The mortgages, known as RAMs, are popular among older Americans because they allow them to draw income against the value of their property without having to leave their homes.
Existing rules for the Federal Housing Administration program cap the number of RAM loans at 275,000. But that would be eliminated under a compromise hatched in recent days between Christopher Dodd, chairman of the banking panel, and Sen. Richard Shelby, the panel’s top Republican.
The RAM mortgage cap was also eliminated in a version of the bill passed by the House of Representatives financial services panel, meaning it will likely be scrapped in the final version of the bill.

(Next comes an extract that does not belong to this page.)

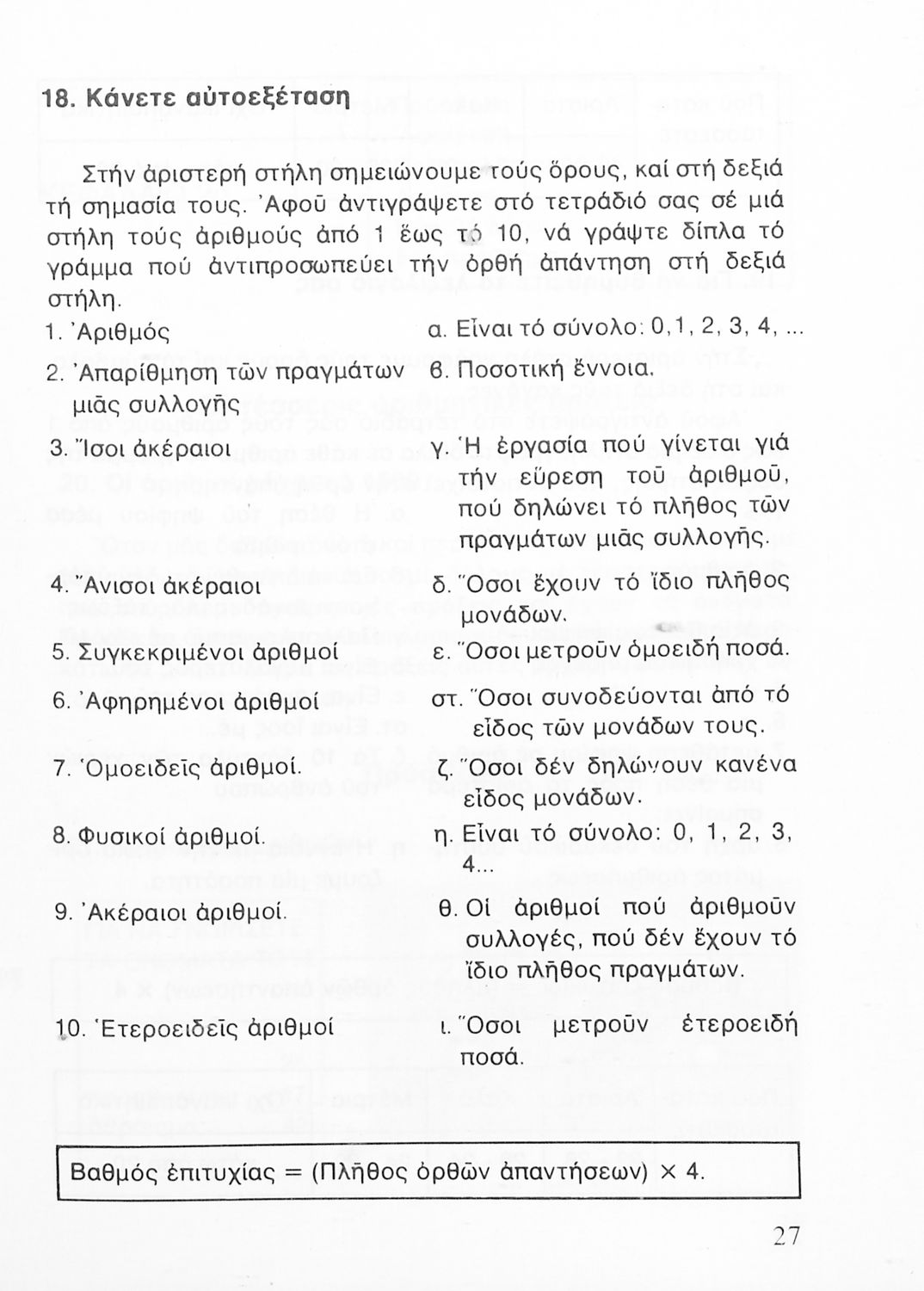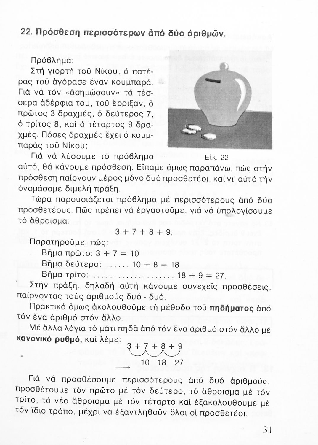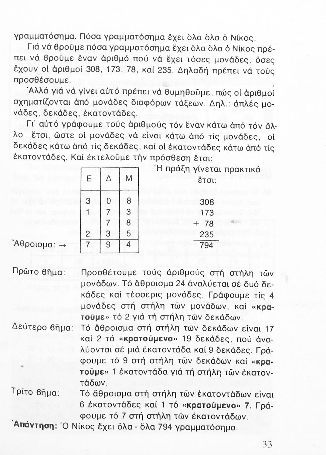 Σχολικό εγχειρίδιο Αριθμητικής Δ΄ Δημοτικού χωρισμένο σε πρακτικά προβλήματα και τις λύσεις τους που περιλαμβάνει και κάποια στοιχεία Γεωμετρίας.
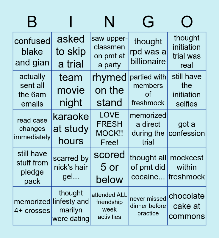 This bingo card has a free space and 24 words: scarred by nick's hair gel..., thought linfesty and marilyn were dating, rhymed on the stand, memorized 4+ crosses, thought initiation trial was real, confused blake and gian, actually sent all the 6am emails, asked to skip a trial, memorized a direct during the trial, scored 5 or below, partied with members of freshmock, read case changes immediately, thought all of pmt did cocaine..., mockcest within freshmock, team movie night, never missed dinner before practice, got a confession, saw upper- classmen on pmt at a party, still have the initiation selfies, karaoke at study hours, chocolate cake at commons, still have stuff from pledge pack, thought rpd was a billionaire and attended ALL friendship week activities.

The House is scheduled to vote on FHA reform Tuesday and the Senate Banking committee on Wednesday.
In other elements of the compromise, FHA borrowers will have to offer a downpayment of at least 1.5 percent of the home value, and the loan limit will be equal to that imposed on Fannie Mae FNM.N and Freddie Mac FRE.N, which is currently $417,000, sources familiar with the negotiations said.
Today, FHA borrowers must offer 3 percent cash to quality for a loan so the new language would cut that requirement in half. Also, loans that exceed $362,000 are not FHA eligible under existing rules, which has effectively eliminated the program along the East and West Coasts.
In an official statement of policy released Monday, the White House said it would oppose any effort to lift the loan limit above the level Fannie and Freddie must abide. Still, several lawmakers have expressed support for just such a move.
Sen. Charles Schumer, the New York Democrat and member of the Senate Banking Committee, could float an amendment Wednesday that raises the loan limits and Rep. Barney Frank, chairman of the House Financial Services Committee, has said he will try to lift the FHA loan limit as high as $500,000 and give officials the power to raise the limit in times of severe market disruption when the bill is taken up tomorrow.
The FHA, which was set up in 1934 during the Depression and helps borrowers win favorable loan terms by guaranteeing mortgage payments to lenders, has traditionally been a resource for first-time homebuyers with low incomes.
But during the recent housing boom, many such borrowers turned to the easy loan terms of subprime mortgages.
The FHA share of new mortgages slipped from 9.1 percent to just 1.8 percent between 1996 and the end of 2006, according to industry publication Inside Mortgage Finance. Financial markets have been shaken in recent weeks as the number of failing mortgages, particularly subprime loans, has climbed.
About 200,000 troubled borrowers could win new mortgage terms if the FHA were modernized, according to the Department of Housing and Urban Development. Even without a new law, 80,000 troubled borrowers could save their homes in 2008 despite having missed some mortgage payments under a loosening of FHA rules announced by President George W. Bush late last month.
If reform measures pass both chambers, lawmakers will hammer out a compromise version of the bill to send to Bush for enactment.